■ Work instructions ■
Exercise in exact copying: restate word for word only the lines below from the one containing "Rebelhorn Vandal tekstil" through the one containing "如果按照線上、線下、新房、二", omitting any pictures.

■ Recorded data ■
====

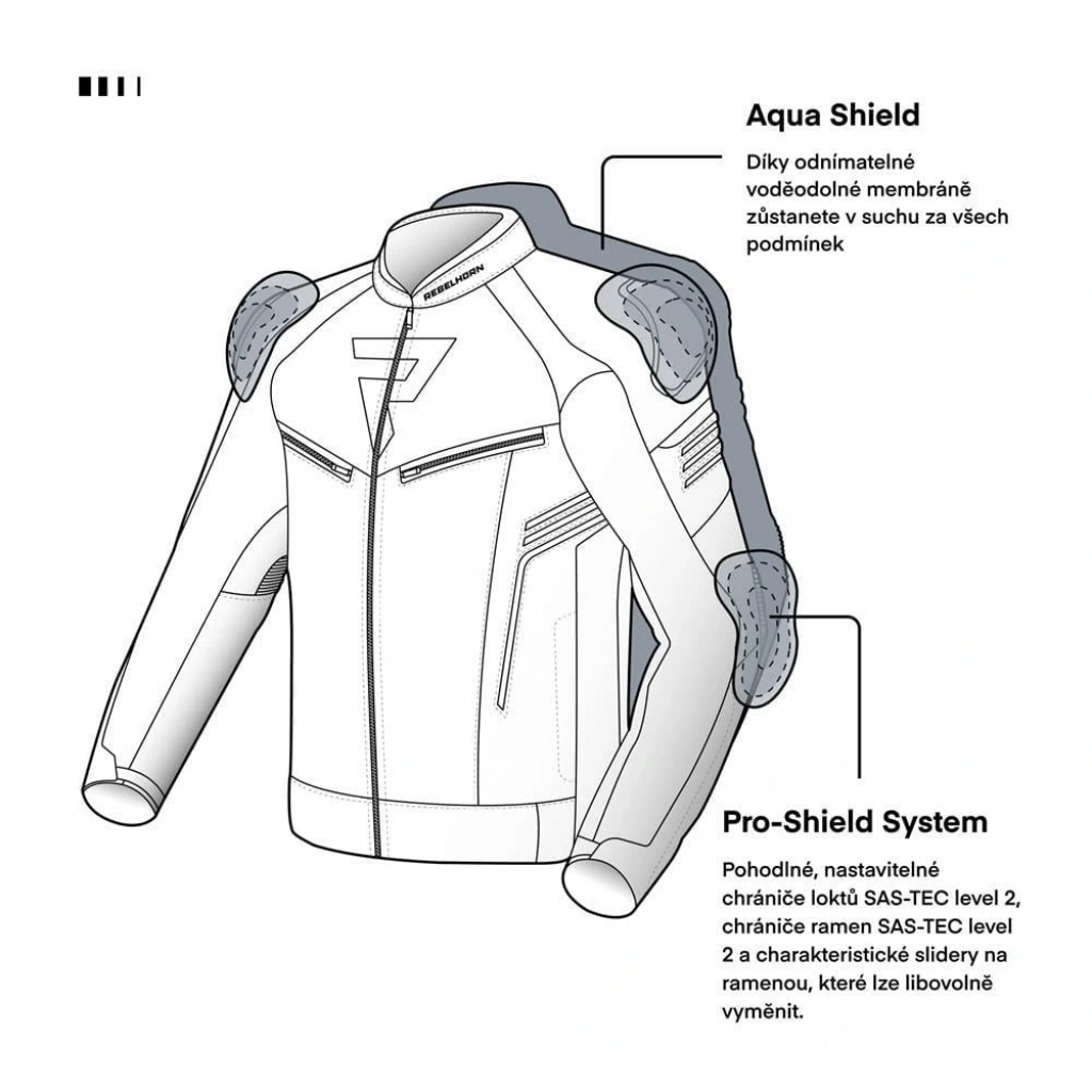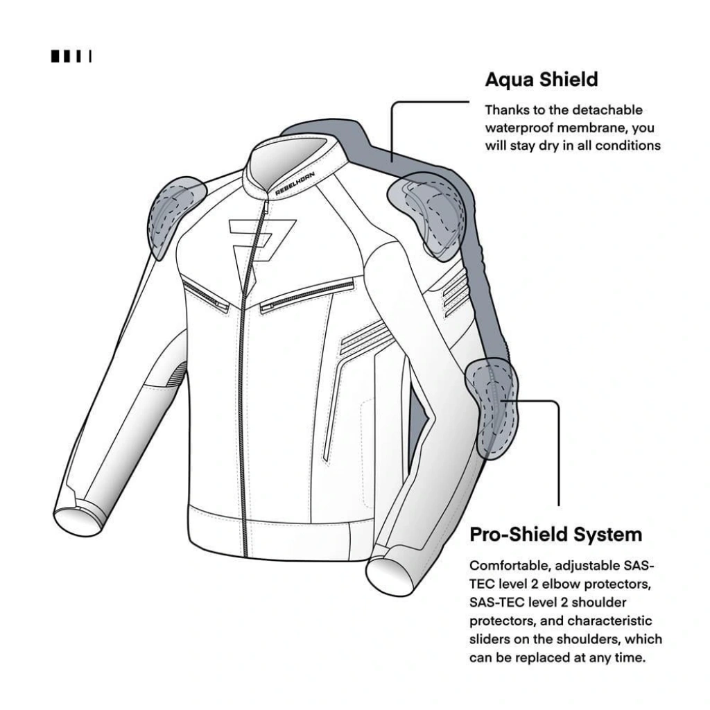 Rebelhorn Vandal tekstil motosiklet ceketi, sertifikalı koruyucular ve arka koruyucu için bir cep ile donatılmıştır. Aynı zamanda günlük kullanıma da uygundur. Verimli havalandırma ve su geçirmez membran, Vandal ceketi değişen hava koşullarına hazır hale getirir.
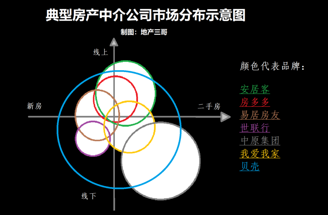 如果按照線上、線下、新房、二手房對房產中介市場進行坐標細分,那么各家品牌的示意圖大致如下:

====

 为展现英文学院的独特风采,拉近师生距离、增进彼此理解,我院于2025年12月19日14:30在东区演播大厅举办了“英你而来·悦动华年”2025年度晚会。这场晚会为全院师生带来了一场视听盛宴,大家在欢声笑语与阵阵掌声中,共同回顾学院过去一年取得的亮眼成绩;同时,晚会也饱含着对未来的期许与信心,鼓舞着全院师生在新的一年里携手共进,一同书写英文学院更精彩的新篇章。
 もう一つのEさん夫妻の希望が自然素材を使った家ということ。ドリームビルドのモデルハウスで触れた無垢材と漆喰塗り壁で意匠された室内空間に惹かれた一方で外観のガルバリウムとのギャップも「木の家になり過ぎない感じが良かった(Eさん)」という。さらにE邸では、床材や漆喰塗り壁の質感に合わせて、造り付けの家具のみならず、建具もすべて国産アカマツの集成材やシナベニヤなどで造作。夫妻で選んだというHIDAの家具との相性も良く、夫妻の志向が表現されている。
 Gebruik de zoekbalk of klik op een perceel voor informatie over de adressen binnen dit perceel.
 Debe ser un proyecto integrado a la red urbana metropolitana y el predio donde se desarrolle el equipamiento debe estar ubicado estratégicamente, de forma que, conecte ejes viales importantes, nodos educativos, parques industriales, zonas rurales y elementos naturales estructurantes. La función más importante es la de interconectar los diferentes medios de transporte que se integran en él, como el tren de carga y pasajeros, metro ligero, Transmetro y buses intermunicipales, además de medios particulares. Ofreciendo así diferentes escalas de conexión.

====

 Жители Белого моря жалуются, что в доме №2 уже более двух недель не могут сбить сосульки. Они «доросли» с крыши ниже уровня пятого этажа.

====

■ Response for this exercise ■
 Rebelhorn Vandal tekstil motosiklet ceketi, sertifikalı koruyucular ve arka koruyucu için bir cep ile donatılmıştır. Aynı zamanda günlük kullanıma da uygundur. Verimli havalandırma ve su geçirmez membran, Vandal ceketi değişen hava koşullarına hazır hale getirir.
 如果按照線上、線下、新房、二手房對房產中介市場進行坐標細分,那么各家品牌的示意圖大致如下:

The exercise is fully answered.